▶ **INSTRUCTIONS TO FOLLOW**
Once you find the line with "1974年,女王和菲利普亲王" in the entries below, print it and each line after it up to and including the line with "Новорічна декорація - Банер-розтяжка", exactly, without pictures.

▶ **TASK INPUT**

#####

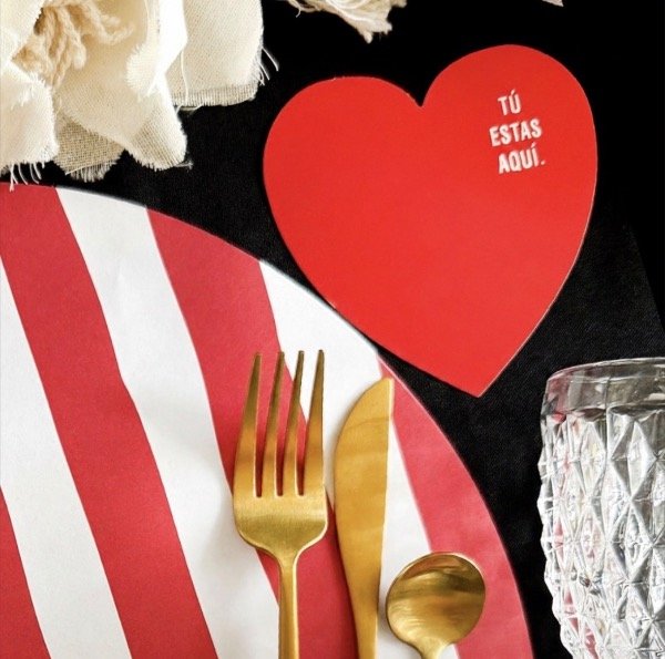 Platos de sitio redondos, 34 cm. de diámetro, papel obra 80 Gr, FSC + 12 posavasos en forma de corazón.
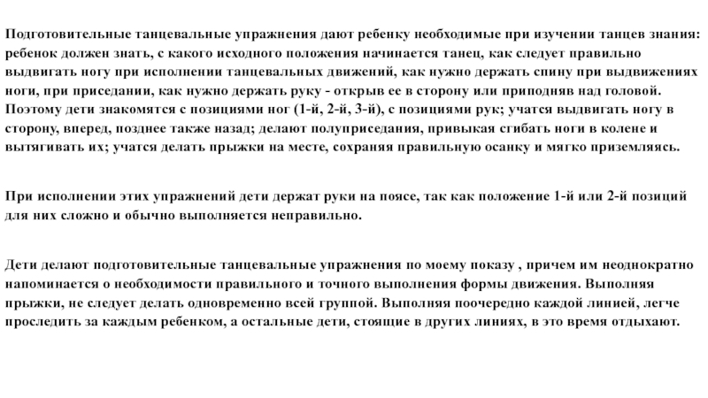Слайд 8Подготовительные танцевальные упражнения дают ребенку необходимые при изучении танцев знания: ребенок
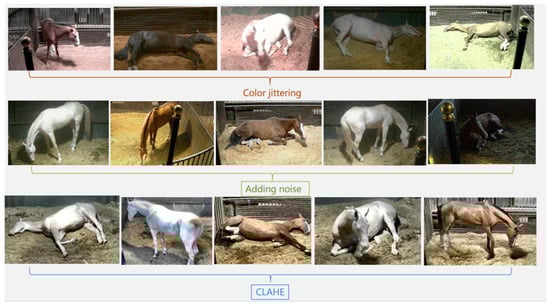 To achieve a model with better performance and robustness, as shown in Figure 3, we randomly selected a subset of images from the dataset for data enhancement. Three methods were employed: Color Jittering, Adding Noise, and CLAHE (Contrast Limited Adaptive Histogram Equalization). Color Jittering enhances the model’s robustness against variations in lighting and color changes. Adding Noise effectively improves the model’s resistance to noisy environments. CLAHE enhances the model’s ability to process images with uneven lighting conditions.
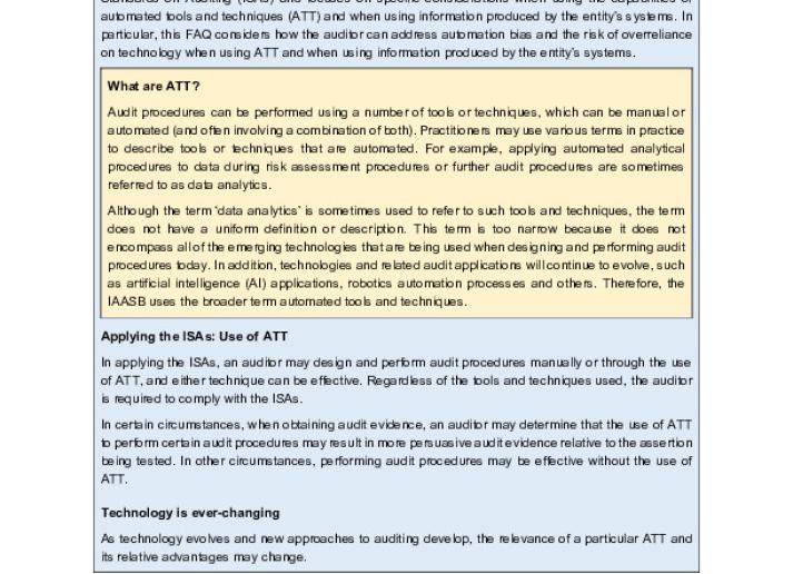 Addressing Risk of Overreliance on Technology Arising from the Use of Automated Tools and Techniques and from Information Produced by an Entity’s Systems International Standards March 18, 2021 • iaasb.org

#####

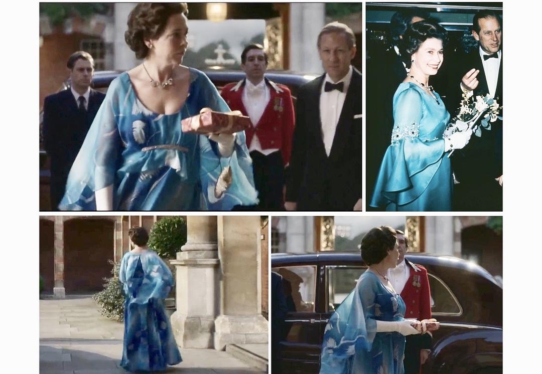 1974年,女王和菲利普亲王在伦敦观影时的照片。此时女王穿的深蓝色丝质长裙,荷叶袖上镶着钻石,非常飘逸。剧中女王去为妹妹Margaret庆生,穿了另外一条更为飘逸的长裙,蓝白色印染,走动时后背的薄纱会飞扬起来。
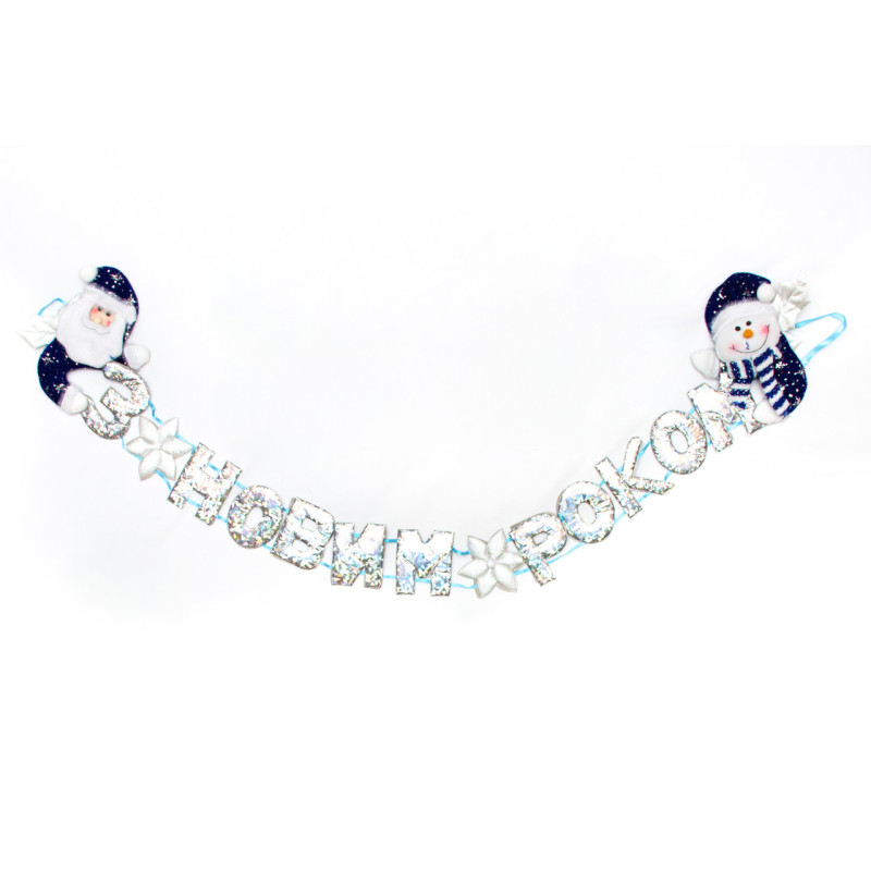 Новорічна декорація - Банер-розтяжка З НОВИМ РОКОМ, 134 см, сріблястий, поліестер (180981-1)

#####

▶ **RESULT FOR THIS EXERCISE**
 1974年,女王和菲利普亲王在伦敦观影时的照片。此时女王穿的深蓝色丝质长裙,荷叶袖上镶着钻石,非常飘逸。剧中女王去为妹妹Margaret庆生,穿了另外一条更为飘逸的长裙,蓝白色印染,走动时后背的薄纱会飞扬起来。
 Новорічна декорація - Банер-розтяжка З НОВИМ РОКОМ, 134 см, сріблястий, поліестер (180981-1)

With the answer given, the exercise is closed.